Exercise requirements: Could you copy exactly the lines below, beginning at the line with "18K rose gold" and stopping after the line with "这个布景一看就是古装剧,但是这婚纱什么鬼?", with no pictures?

Exercise input:
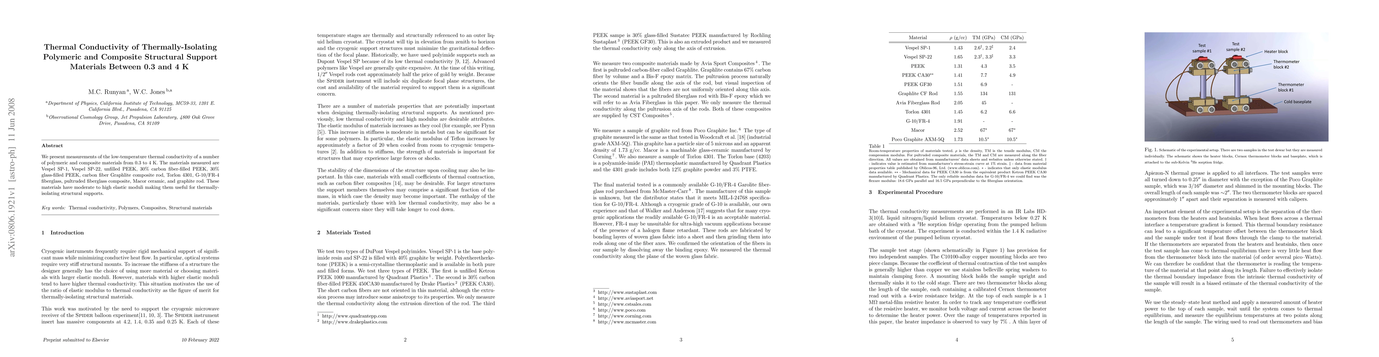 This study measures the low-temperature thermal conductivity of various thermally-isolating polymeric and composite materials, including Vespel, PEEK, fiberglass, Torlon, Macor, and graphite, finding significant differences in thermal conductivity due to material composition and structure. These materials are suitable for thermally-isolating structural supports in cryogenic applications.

--

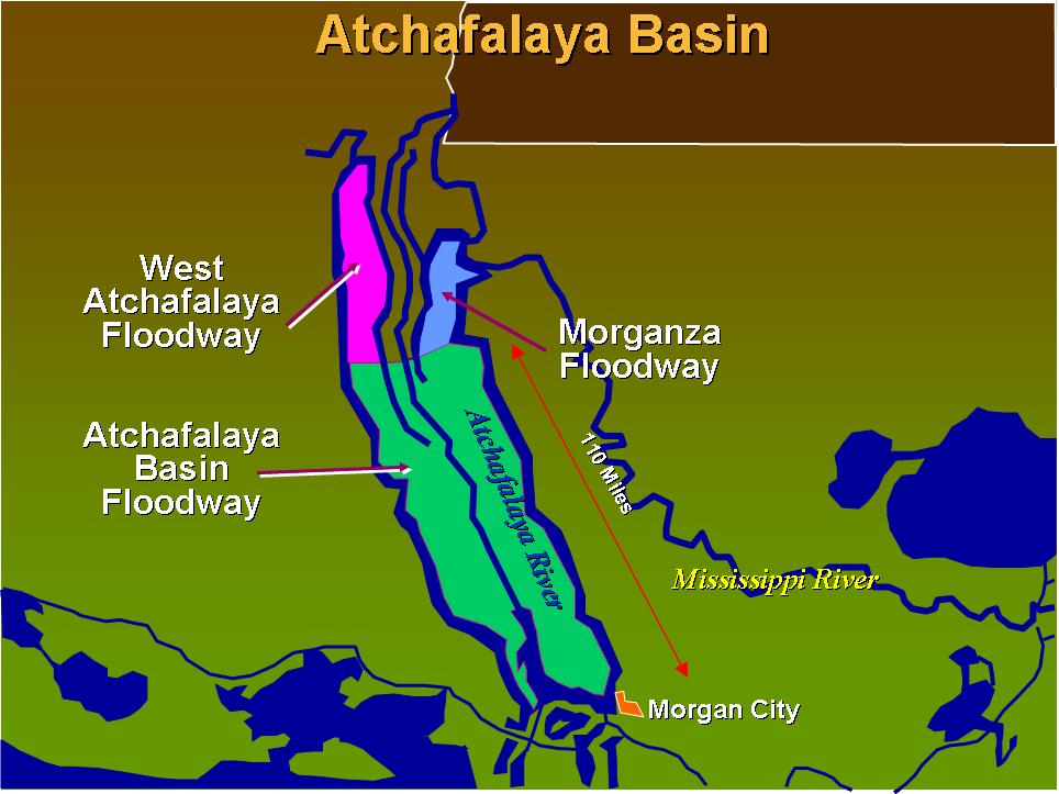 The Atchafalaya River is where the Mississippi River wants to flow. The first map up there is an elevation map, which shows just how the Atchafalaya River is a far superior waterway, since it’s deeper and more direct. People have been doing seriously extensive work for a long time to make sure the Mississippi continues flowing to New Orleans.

---

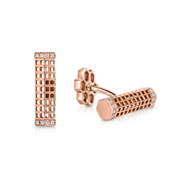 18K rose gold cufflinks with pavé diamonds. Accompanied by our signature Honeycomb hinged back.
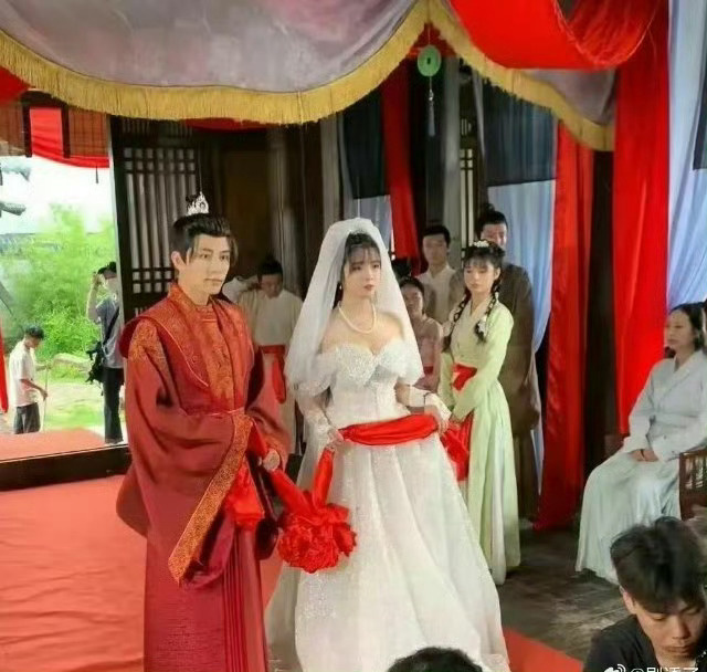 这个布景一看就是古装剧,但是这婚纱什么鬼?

Result for this task:
 18K rose gold cufflinks with pavé diamonds. Accompanied by our signature Honeycomb hinged back.
 这个布景一看就是古装剧,但是这婚纱什么鬼?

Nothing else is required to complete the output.